Whereas, in the International Tribunal and the prosecutor's office, it's a world of rules and less emotion, less of this network of cultural and affective ties.

We knew that when we were done with our examinations, those bodies had to be handed over to somebody else to identify them, so we were concerned about that, and made sure that that happened. But yes, you're much more focused on the evidence aspect of it when you're working with a tribunal. You're also nested in to a context of other investigators doing other things. You may go down to Latin America or somewhere else, and you may be doing more of the whole spectrum of the investigation.

What is the most moving experience in this international work?

I think just surviving 1996 was probably ... I felt a tremendous amount of pride in having done it, and looking back, I don't know how it was possible, although I had over a hundred people that helped. There's nothing you can do alone, really.

Explain to us what 1996 was.

1996 were the first exhumations done by the ad hoc tribunals. I began the year in Rwanda [and finished in Yugoslavia] and did the only exhumations for that tribunal that hadn't been able to be done, because afterwards security deteriorated and we could not do any others.

We should explain that the UN established two international tribunals to look at the massacres that were occurring in Rwanda and in the former Yugoslavia.

That's correct, yes. And so that was a very unique experience. One of the best experiences to me of all [is] when you can satisfy a family. I'm currently working on a project in Cypress; I just came back last week. For the first time in twenty-six years, we were able to give twenty-six remains back to the family.

So these bodies had been around for twenty-six years, so you're bringing a closure after all that time.

That's a closure for me, too. It's a closure for me too.

When you're in the international context, I guess all sorts of issues must arise as to who has the legal authority to let you go in and deal with the body. Tell us a little about that.

Well, the way the tribunal was established, their authorities sort of transcended normal authority, although they work in tandem with local governments. In, for instance, Honduras, [it might mean] working for the Supreme Court or the prosecutors' office, because their regime has changed since people disappeared. In Sri Lanka, I may be working with the prosecutor's office, or maybe monitoring. It's always not digging and examining bodies; sometimes you're teaching, sometimes you're monitoring somebody else's investigations in a neutral party, so it varies. You'll never go into a country without that country's permission, though, usually.

When you're dealing with mass graves, the task of identification must become extremely complex.

Well, the sheer numbers. It differs. A mass grave is two or more individuals, so you don't always have hundreds. But regardless, if the grave has a mandate, and you know who might be in it, and it's a local grave, in a local area, it's easier to identify people. If you have a situation like Srebrenica, where approximately 7,000 men and boys disappeared in a small period of time, and end up in unmandated graves -- who knows where they are? It's a horrendous task. In five years of work, I think maybe less than a hundred have been positively identified.
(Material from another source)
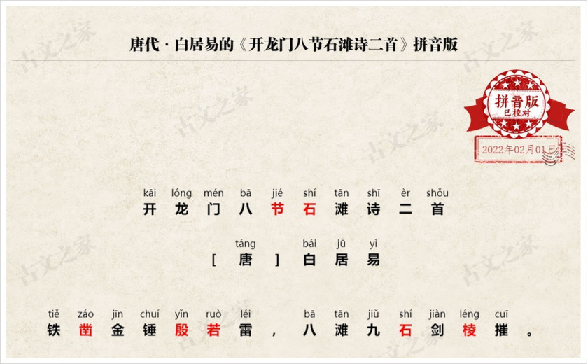 拼音全文:(我们坚持对每一篇古诗文进行人工查证并注音、我们亲自查证并回复来自您的每一次纠错,只为给您一份更为准确的拼音版本,请记住我们:古文之家)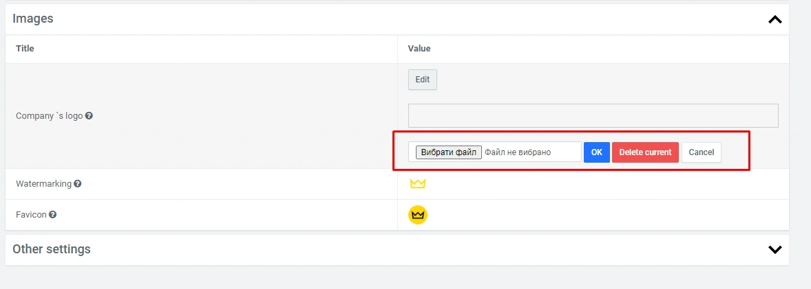 In addition, in the My store / Images section, the logo image cropping function is available, which allows you to adjust the proportions of the image inside the container. For example: the container is h50xw150px, and the image is 30x150 or 50x50 (more elongated or square).

It means you have to interview several members of families, give blood samples, DNA samples from the bodies, you have to do the examinations, so it's a tremendous effort.

In the conference you're participating here on "Who Owns the Body," the issue comes up in some settings, for example, in Nigeria, where an individual may have multiple families, multiple wives, then there's a real difficulty in determining who has the right to let you go in.

Well, things are very spelled out for us. They're still working in Nigeria at a cultural level, a local level, although there are laws that spell out how to do things, but it's a family consensus when they decide how to do the funeral and what to do at the funeral. So if there is obvious dissension, the resolution is tremendously difficult. The case you're speaking of is Ken Saro-Wiwa of the Ogoni Nine, which I dearly hope that sooner or later we will be able to return to the families.